Slow Terra Output

I am trying to use Hail in order to upload 1,000 genomes and HGDP data on Gnomad, remove low-quality variants and samples, and subset the variants to be in my exome data. However, it appears to be slow. I tried using the suggestions in this page for Notebook 1 hgdp_tgp/tutorials at master · atgu/hgdp_tgp · GitHub. However, the final number is 50,000 and it seems to take too long. Attached are the parameters I used. Does anyone have any advice on making it run more efficiently?

Here is the code I try to implement:

relateds_mt_without_outliers_path = 'gs://gcp-public-data--gnomad/release/3.1/secondary_analyses/hgdp_1kg/pca_results/relateds_without_outliers.mt' 

relateds_mt_without_outliers_mt = hl.read_matrix_table(relateds_mt_without_outliers_path)

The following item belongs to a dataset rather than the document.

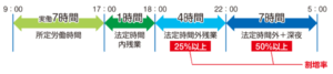 この場合、18時から22時までが25%以上、22時から翌日5時までが50%(時間外25%+深夜25%)以上の割増率で割増賃金が発生します。また、1カ月の時間外労働が60時間を超えるときは、割増率がそれぞれ50%以上、75%(時間外50%+深夜25%)以上となります。

samples_mt = hl.import_vcf(samples_vcf_link, force_bgz=True, reference_genome='GRCh38')

relateds_mt_without_outliers_intersect_mt = relateds_mt_without_outliers_mt.filter_rows(hl.is_defined(samples_mt.index_rows(relateds_mt_without_outliers_mt.row_key)))

relateds_mt_without_outliers_intersect_mt.write("mt/relateds_mt_without_outliers_intersect.mt")

Hey @beneopp !

I generally prefer using autoscaling clusters but I’m not sure if those are available in Terra. Autoscaling clusters ensure Hail always uses as many cores as it can usefully use in parallel. This keeps runtime down and doesn’t create any added cost for you.

How long is “too long”? In general, a few thousand genomes is quite a lot of data. If the Spark progress bar indicates that you have, say, 10,000 partitions, then your cluster can only process about 20*8 = 160 partitions in parallel. Using 200 VMs will get you your answer ten times faster for the same cost. Note that you’ll need to shrink or shutdown the cluster after wards. This is why I strongly recommend people use autoscaling clusters.

How large (in bytes) is your VCF data?

The code you shared seems fine to me. That’s the fastest way to filter some VCF to the rows it shares with the gnomad PCA results. The only knobs you have left to turn are the number of cores you’re using.

To guess the runtime, I tracked 280 partitions completed in one minuted. It’s also worth noting I changed the workers to high memory. This would mean it will take me 178 minutes or more than 2 hours.